Look back at the list of large groups within Hitachi Ltd. and you get some sense of the breadth and depth of the technologies that the company brings to the table, including deep domain experience in verticals. Large IT vendors can partner with other firms (such as General Electric, Analog Devices, and General Motors) but such one-to-one situations and relationships take time to develop. HDS has a unique cornucopia of choices that structurally other IT vendors simply cannot match.

From its recent financial report, Hitachi Ltd. states that it is “globally expanding the Social Innovation Business that will … work on solutions together with customers as ‘One Hitachi,’” and “Realize innovations by providing solutions that combine products, services, and highly sophisticated IT (Cloud).” In order to understand this better, Hitachi’s use of “social innovation” is roughly equivalent to what IBM means by its use of “Smarter Planet” and “Smarter Cities,” but may go beyond that.

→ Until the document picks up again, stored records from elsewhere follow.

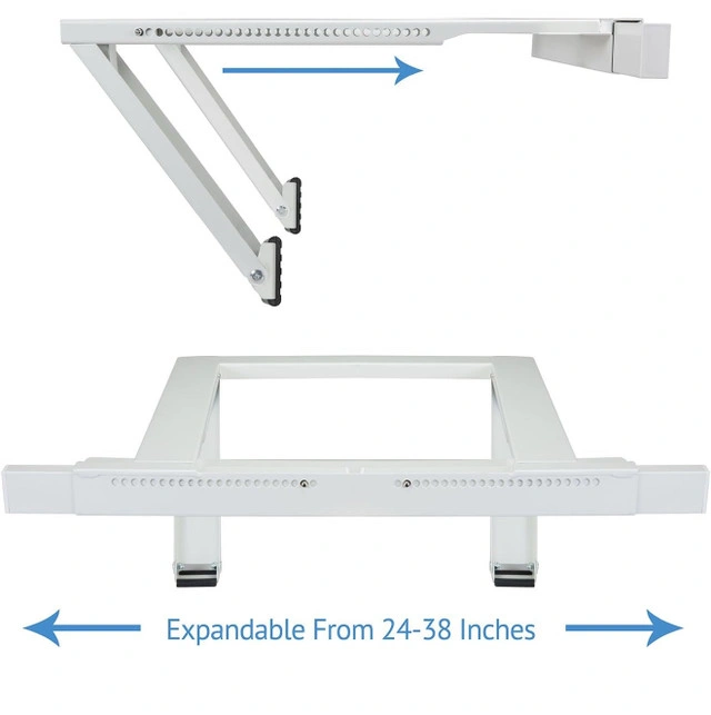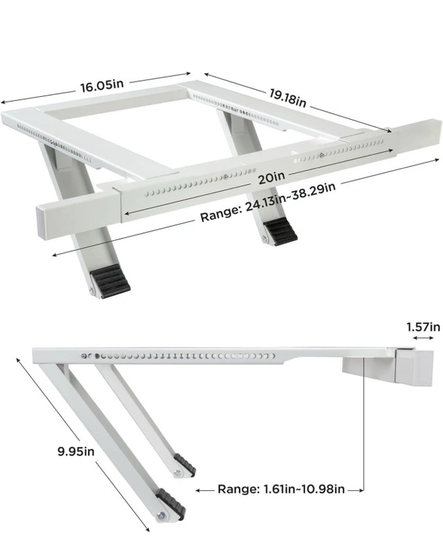 Mount: Ivation air conditioner support bracket. No tools or drilling required, easy to install universal window AC mount. Made from heavy duty steel, Holds up to 200 lbs/90 kg, fits single or double hung windows. Expands from 24” to 38” to fit in most single or double hung windows; adapts to exterior wall thickness of 4” to 11”. 9.19 lbs/4.17 kg.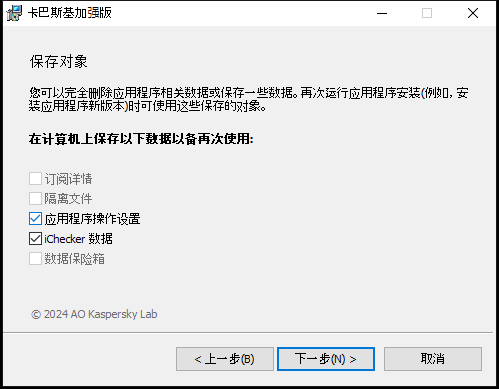 在该步骤中,您可以指定希望保留应用程序所用的哪些数据,以在下次安装应用程序期间(如应用程序的更新版本)重新使用。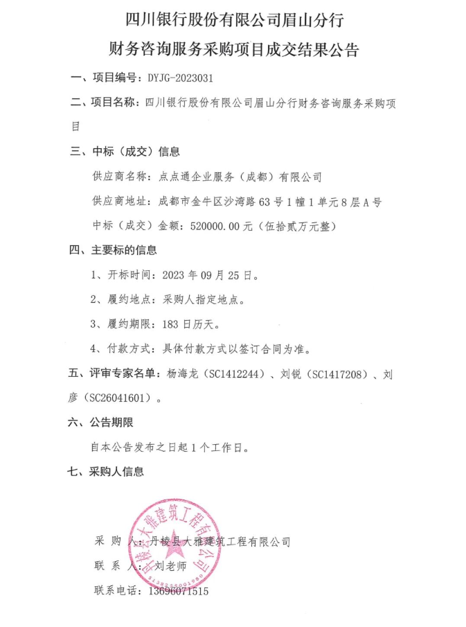 四川銀行股份有限公司眉山分行財(cái)務(wù)咨詢服務(wù)采購(gòu)項(xiàng)目成交結(jié)果公告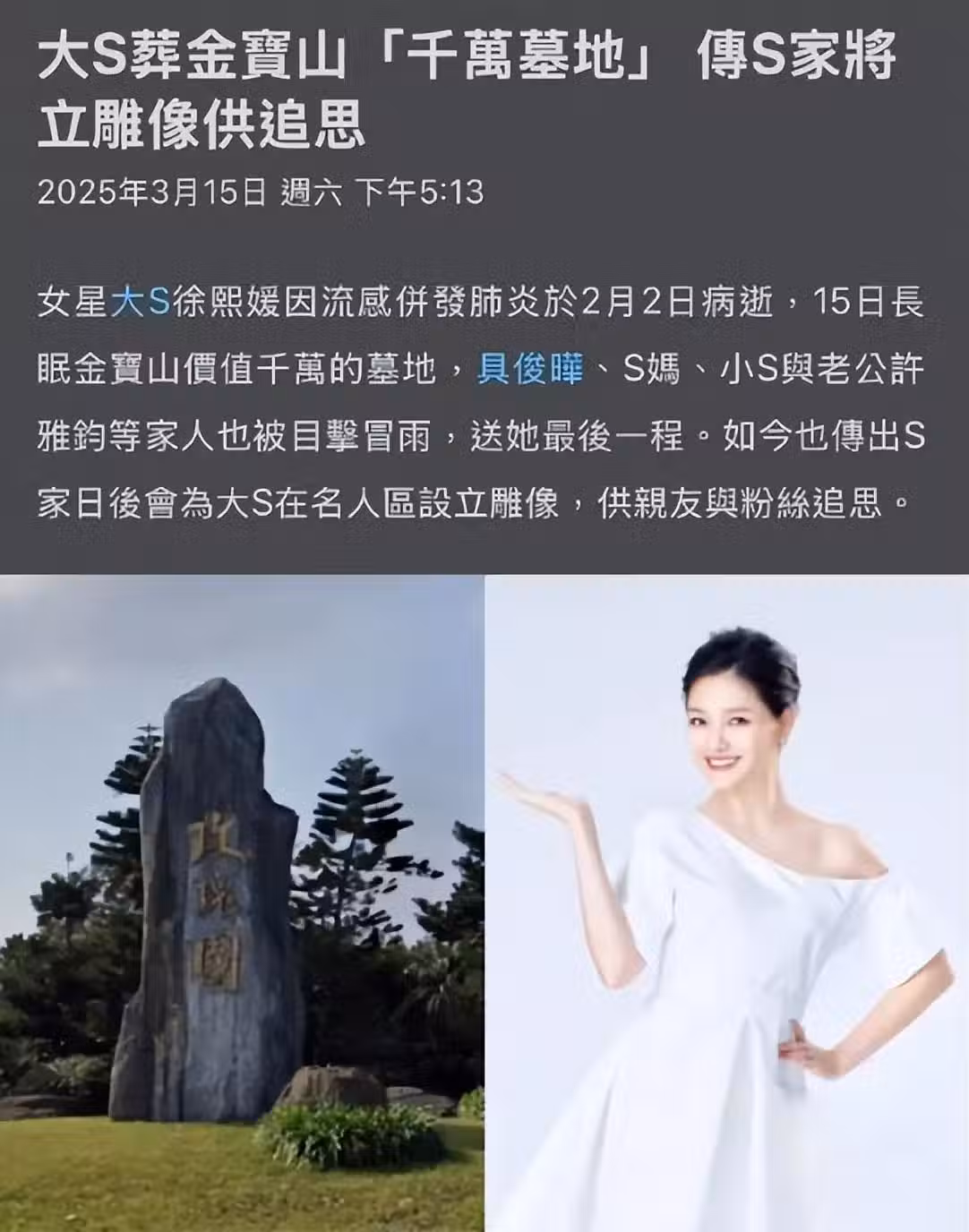 大S墓園雕像位置已確定,大批粉絲提前往金寶山墓園參觀悼念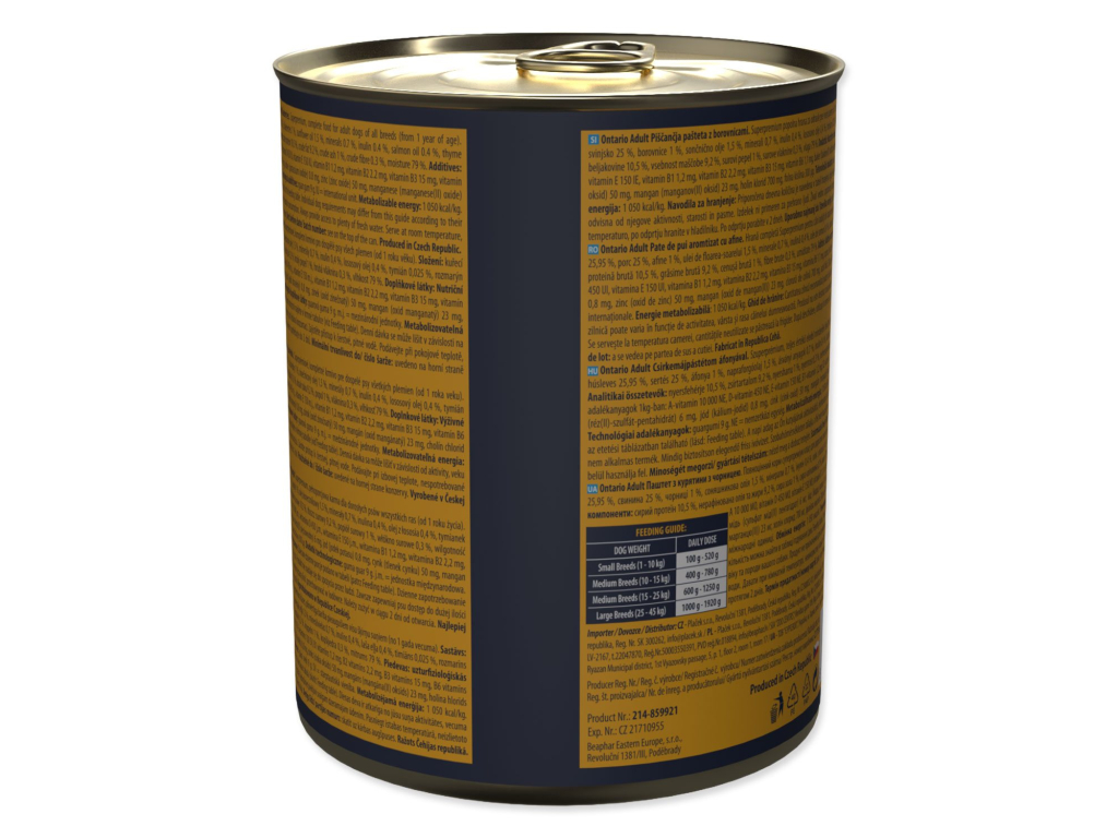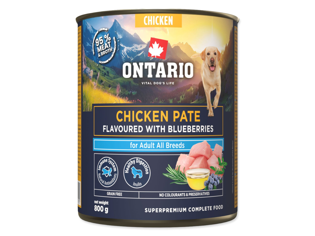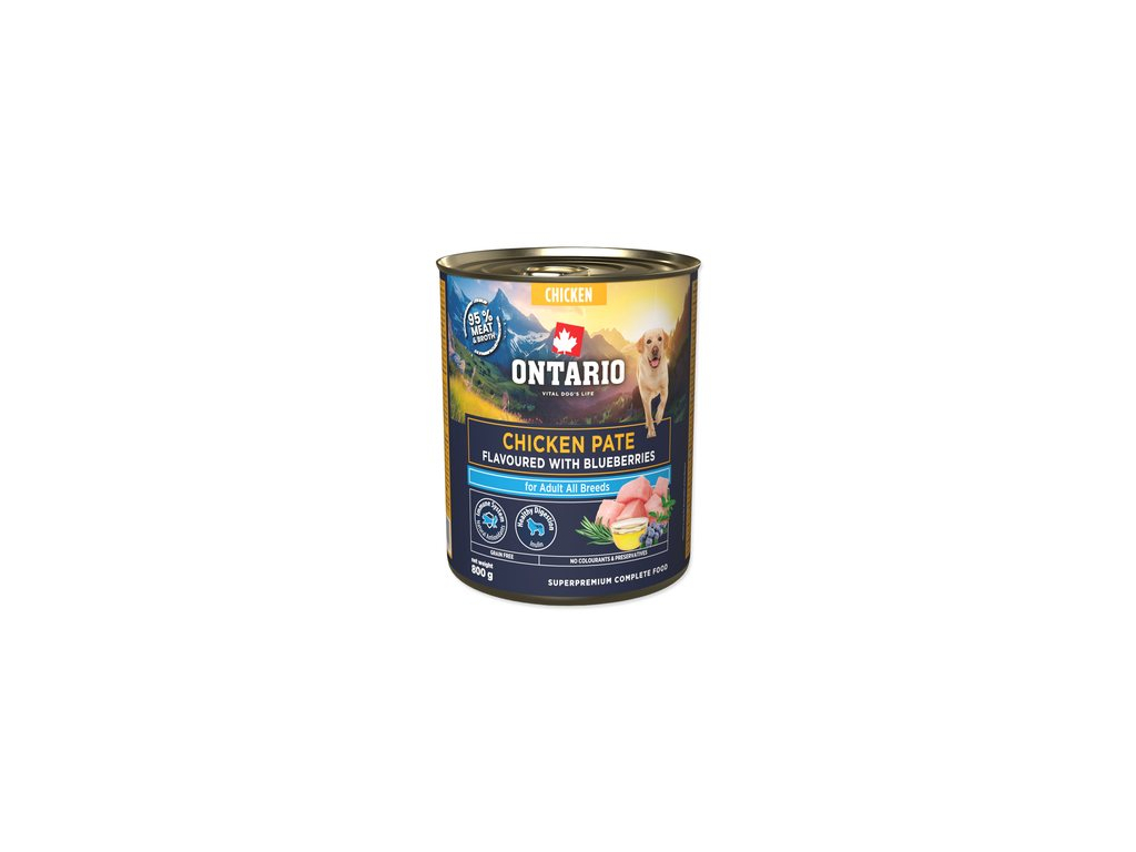 Konzerva Ontario Adult kuřecí pate s příchutí borůvek 800g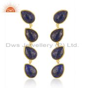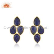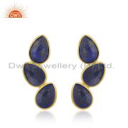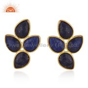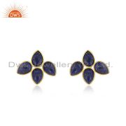 Natural Lapis Gemstone Designer Yellow Gold Plated Silver Stud Earrings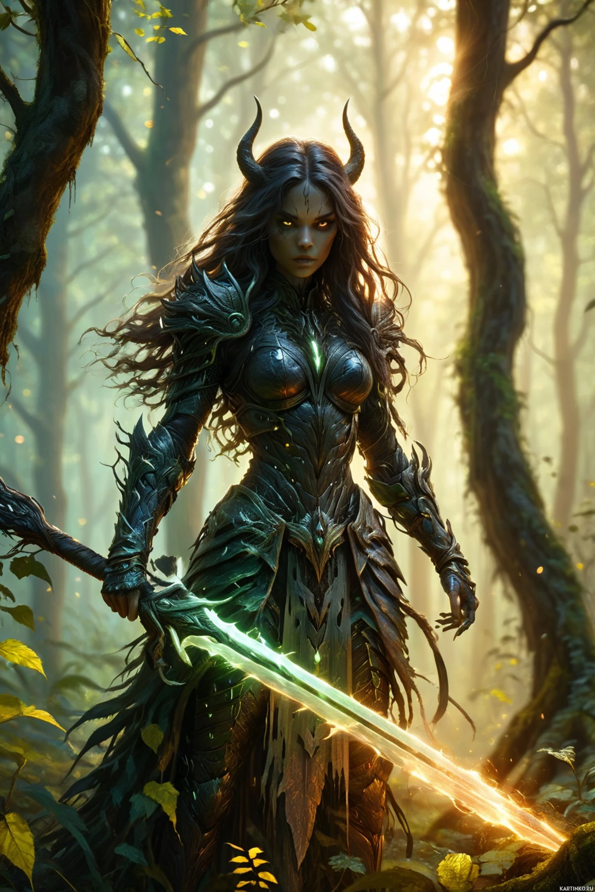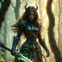lush with greenery, indicating that she could be in the midst of a forest or woodland area. Her stance and attire give off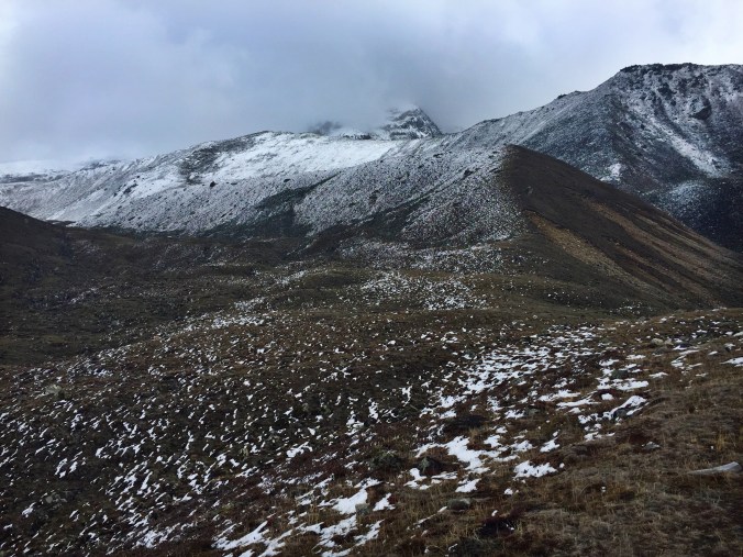 I did not encounter a single other person on the trail during my 7 hour day, which ended up as one of the reasons I used to turn around early. After four hours of hard, fast hiking, I came upon a wide, open field with peaks standing in every direction. I’d long lost the trail by then, and there was no clear direction as to which was Cherko Ri. Instead of wasting my breath and energy wandering through the snow, I decided to turn around.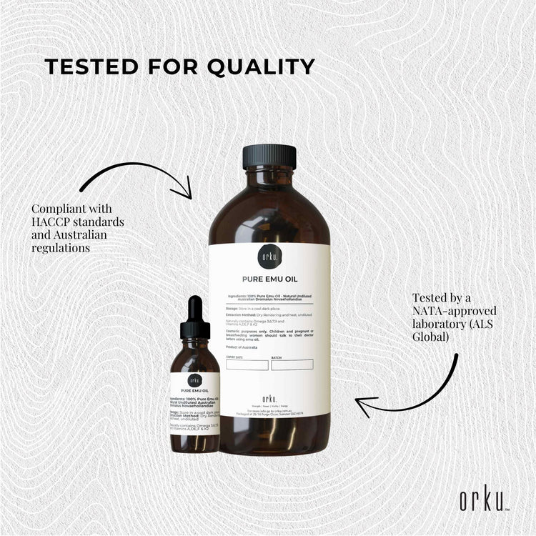 With its potent blend of essential fatty acids and vitamins, Orku Emu Oil has undergone specific heat treatment and testing to ensure its quality and safety of use in cosmetic products and for a myriad of applications.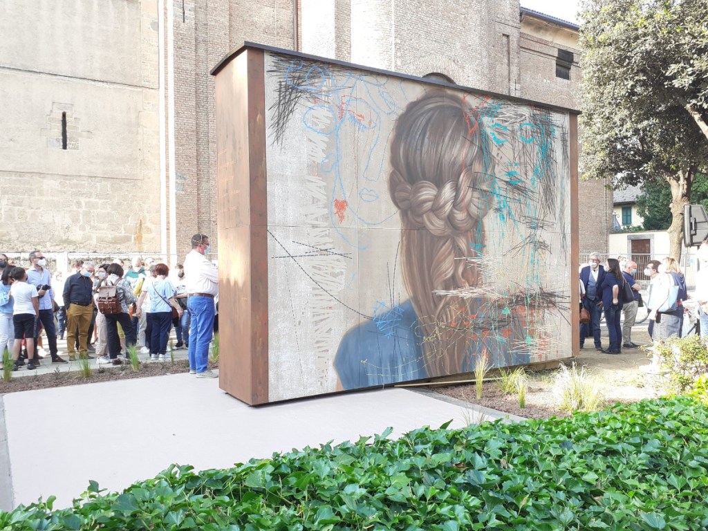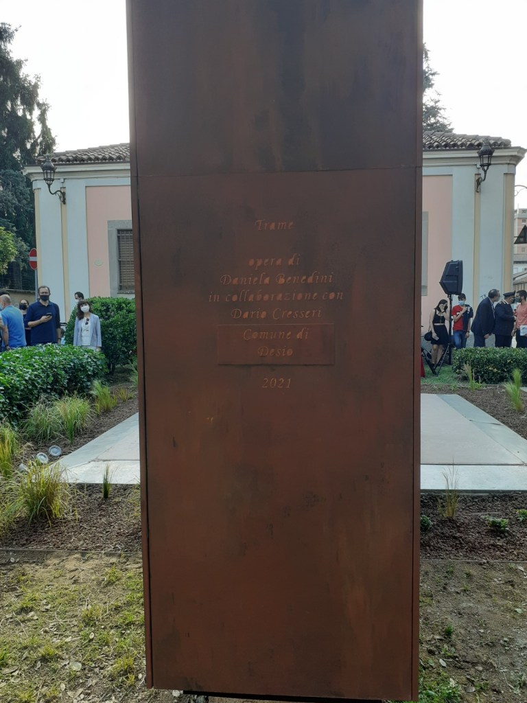 E sulla spalla della possente struttura che riempie di senso quest’area laterale della basilica, è impressa una sequenza poetica di Fabiana Scaramella che completa armoniosamente il monumento: “Guardami punto dopo punto. Ecco il mio volto da tessitrice, di donna che lavora e sogna. Ascoltami: ho tante cose da raccontare che nessuno sa”. Con l’operazione completata, Desio si riappropria così di un pezzo importante del suo passato e di un punto di riflessione fondamentale per non scordarsi mai da dove proviene.

Examples of “social innovation” that HDS talks include a clinical repository foundation for connected health, a data visualization suite for intelligent surveillance, the connected car, and real-time gathering of maintenance data from moving trains. HDS believes that the combination of its analytic capabilities (which are another part of its portfolio) and other IT technologies in combination with the deep expertise of its widespread business family and their control technologies will result in more social innovation outcomes. So HDS both gives to and receives from the relationship with its parents.

Mesabi Musings

Trying to understand any large multi-product IT vendor and how it will do in riding the transformational winds of IT change effectively is a difficult task, especially if we try to focus in on one thing alone. From a storage media perspective, HDS has a strong and broad portfolio. However, the company also understands that the focus has to be on data and thus has to be data-driven as the winds of change (cloud, big data, social media, and mobility) are really about what happens to the data. HDS has a good story here, especially around its HCP(?) solution.

But HDS has another story to tell about expanding its relationship with its parent Hitachi Ltd. HDS will give to the parent the knowledge and wisdom that it has acquired in becoming a global IT company in order that the parent can expand its global reach. On the other hand, HDS can gain from the Hitachi Ltd. initiative on social innovation and bring together the deep domain expertise in control technologies of selected parts of Hitachi Ltd. with HDS information technologies to develop synergistic solutions that offer customers the best of both companies.